Viewpoint  |  July 13, 2020

Aviation Finance - July 2020

Potential Opportunities in Challenged Markets

In this brief insight, we highlight how Covid-19 is likely to be a catalyst for investors to access potentially attractive opportunities in a relatively stable asset class.

Air traffic demand has collapsed in 2020 due to the spread of the Covid-19 and the lockdown measures imposed in many countries.  It is estimated that it will take up to 3 to 4 years to return to 2019 levels of air passenger traffic¹.  We believe this will result in a surplus of commercial aircraft that is estimated to be 20% of the actual commercial fleet of c. 24.000².  As it takes time for air travel demand to recover, we expect there will be a fall in aircraft value of between 5-25%³ depending on the type and vintage.  Who will be the most affected?  Most likely it will impact the leasing companies and airlines as they are the two main owners of aircraft, but also aircraft debt or equity investors.

Historically we have seen aircraft finance gain popularity amongst investors, as investments are underpinned by what we believe are stable aircraft values.  Despite it being a depreciating asset it is important to highlight that an aircraft typically has a long, useful life of around 25 years.

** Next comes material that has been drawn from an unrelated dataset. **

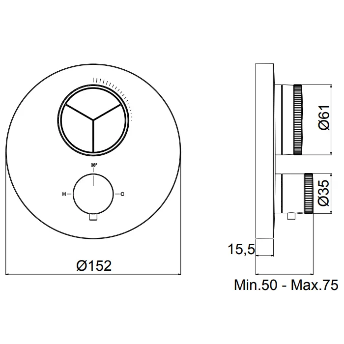 Внешняя часть встраиваемого термостатического смесителя с кнопочным управлением Almar для 3-х потребителей, черный металл брашированный pvd E176633.AB
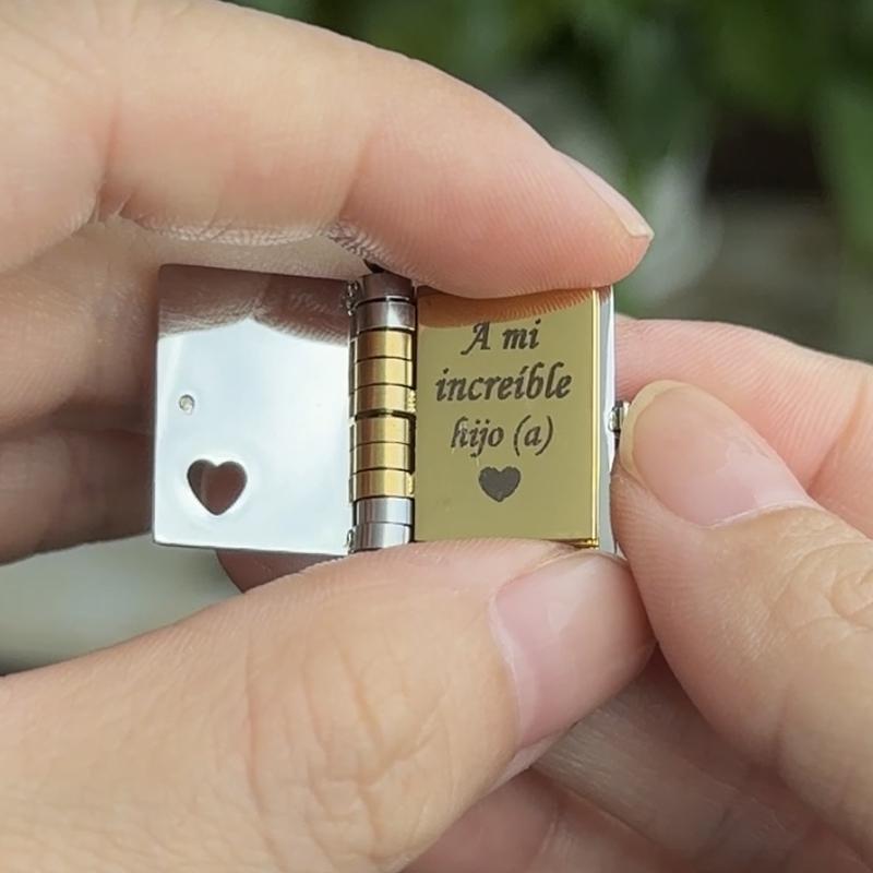 El collares un detalle pensado para motivar, inspirar y recordarle a tus hijos cuƔnto crees en ellos. Su diseƱo en forma de pequeƱo libro con mensaje grabado lo convierte en un accesorio significativo que pueden llevar a diario.

Moreover, there is a secondary market for these assets meaning that they can be moved from one operator to another across geographies with relative ease. These features enable aircraft owners to borrow c.70%-80% against an aircraft value.

In theory, a fall in the value of an aircraft can result in significant losses for the aircraft owners, mainly airlines and leasing companies. However, lease contracts are typically non-cancellable with fixed lease rentals payable during the lease term and therefore a fall in aircraft values should not result in a fire sale for aircraft owners so long as the airline or lessee is solvent and fulfilling its obligations under the lease contract.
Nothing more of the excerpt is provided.